Fairwaterfishing said:


> Sniperpeeps. I can show you some video I took, but I'm sure I would photoshop that too, huh?
> 
> "Seriously.....About a month ago myself and Capt Droot caught about 40 short snapper in about two hours on the same spot in 90'."
> 
> Seriously two hours on the same spot? Your kind of new to this charter thingy huh? You actually hang out with Capt Droot? WOW, That says a lot. With comments like that Im going to have to ignore you also.


Wasn't a charter, just some fun light tackle fishing and we stayed on the same spot, only a couple miles from the beach, because it was rough as hell and we didn't want to get banged up. And there was a never ending supply of juvenile snapper. I know of probably 10 spots off the top of my head loaded with juvenile snapper I could go to right now, there is no shortage I don't give a crap about a video you took on one spot on one day sounds like you and NOAA use the same kind of "science". Keep trying to convince people you're just a good old charter capt with good intentions, it's working:no:

I would say I will ignore you but it is impossible to ignore the amount of BS you are able to will your fingers to type. What's kind of funny is to go back and read some of your threads and just see how many times you contradict yourself....you habitually contradict yourself. Yea, I can see why you could have an issue with droot, he does call you out on your crap on a regular basis.


----------



## Tom Hilton (Oct 4, 2007)

Our extra % that you are giving up? CFH vessels accounted for 19% of the red snapper landings according to the Sector Separation document - private recs accounted for 67%. Somehow I don't think your figures will reflect those percentages Capt. Ard. In fact, I know they won't.

This is how inter-sector trading will work;

The charter captain charges his usual charter fee to take his customers fishing.

If you catch a nice 20 pound snapper however, Capt. Ard will ask; *"Hey, do you want to take that fish home? If so, the going rate is $4/pound, so it will cost you an additional $80 for that fish. If not, that's OK, I will simply get my money back that I paid through inter-sector trading back at the dock when I sell it to the local fish house - either way, I get my $4/pound."* If you want to fish catch and release only - that's fine too - in fact, that falls in line with the Vision 2020 document - to encourage the "recreational fishing experience" instead of taking the fish home.

IFQs are simply a way to create a revenue stream where one doesn't now exist.

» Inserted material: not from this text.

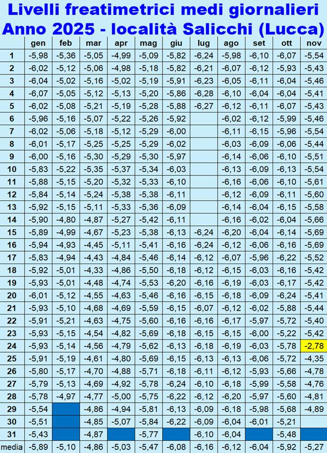 Nella tabella qui sopra si nota che il giorno 24 novembre, a seguito delle intense piogge, il livello freatimetrico a Salicchi, dove si trova il campo pozzi dell’acquedotto cittadino, è salito fino a raggiungere quota meno 2,78 metri rispetto al piano di campagna. Si tratta del valore più alto in assoluto da oltre 16 anni. Al secondo posto di questa classifica si trova il 23 gennaio 2021 con meno 3,26 metri, e al terzo posto il 16 novembre 2010 con meno 3,38 metri.

The upcoming reauthorization needs to address this egregious flaw - if they want to assign allocation to fishermen, then those fishermen should lease that quota directly from the government.

Capt. Thomas J. Hilton


----------



## Tom Hilton (Oct 4, 2007)

Fairwaterfishing said:


> Billin, the issues to discuss is what they have on paper. I say hell man all the time, its not meant to be rude, sorry. I just want you to know what has been said. Hilton has been sating facts all week all over the internet how the CFH catches %17 or %19 of the red snapper. You guys all respect his opinion take that out with him i guess.


This is my opinion now?

Wrong captain - it's what is stated as fact in the Sector Separation Scoping Document - page 15.

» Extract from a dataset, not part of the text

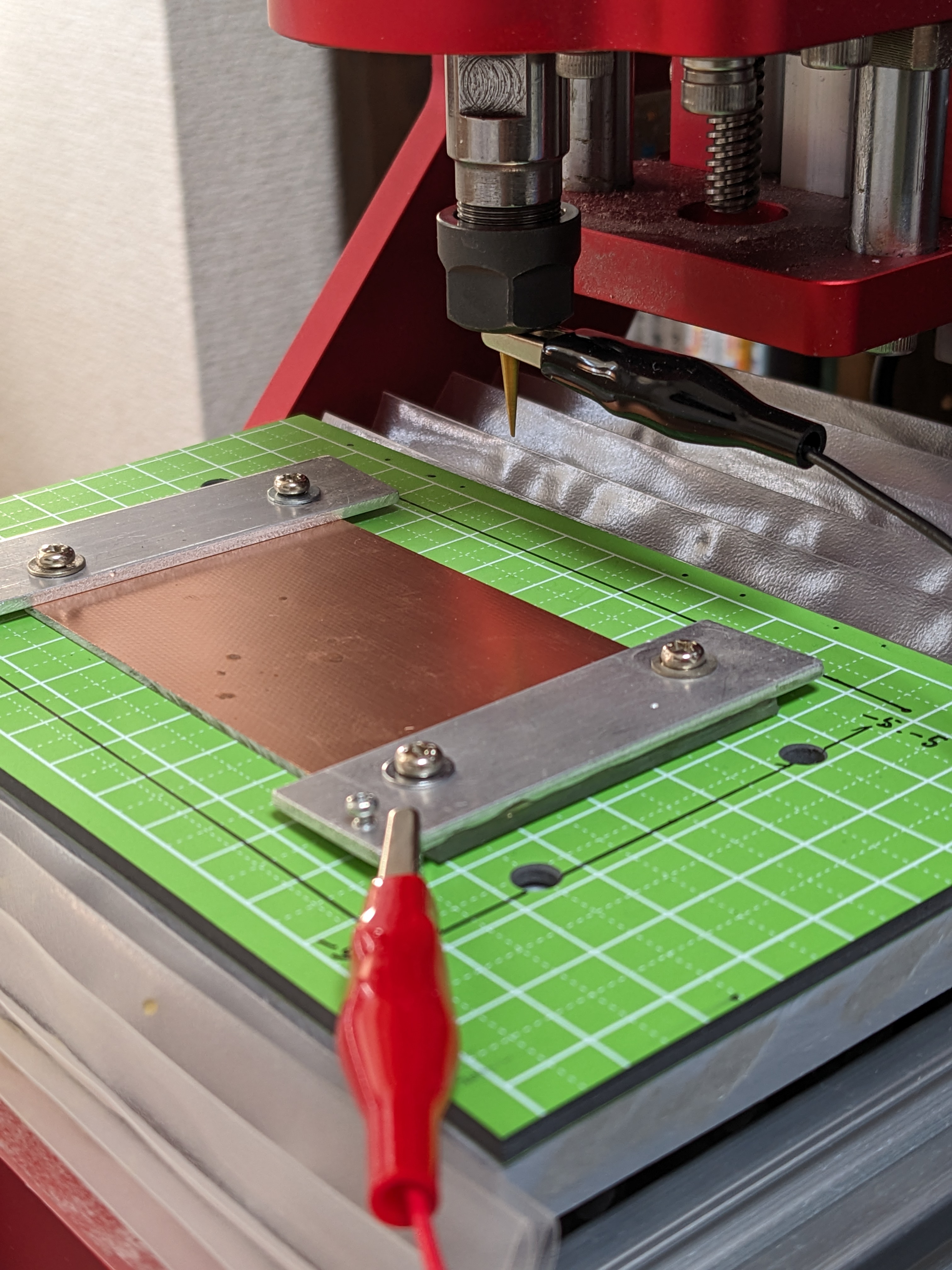 0点プローブです。ミノムシクリップで、片側をカッターにもう一方を基板銅箔の接続します。クランプに導体を使えば接続は簡単です。基板のGNDとCNC本体:切削モーターの軸が電気的に接続されている場合は極性がありますがそうでなければ無極性です。(接続されていない例が多いようです) |

If the private rec vessels are accounting for an increasing % of the landings, then it's called free enterprise - the American way. 

What you guys are proposing is a form of Socialism, where the government decides who gets what based on some cherry-picked historical numbers.


----------



## Fairwaterfishing (Mar 17, 2009)

Opinion was used in reference to "what you say" you know this.

"If not, that's OK, I will simply get my money back that I paid through inter-sector trading back at the dock when I sell it to the local fish house"

Pure fantasy, I don't have a commercial license, I can't sell fish. Commercial/charter boats can't sell fish with charter customers on board.

I don't believe Allocation will be based off of any cherry picked numbers. It will be picked off of real numbers of who actually reef fish. Soon all Charter for hire will be on i-snapper and the small boat owners will have a reef permit, as soon as they implement a way to tell how much the small boats are fishing, then allocation will be easy and it will be fair.

"Hey, do you want to take that fish home? If so, the going rate is $4/pound, so it will cost you an additional $80 for that fish".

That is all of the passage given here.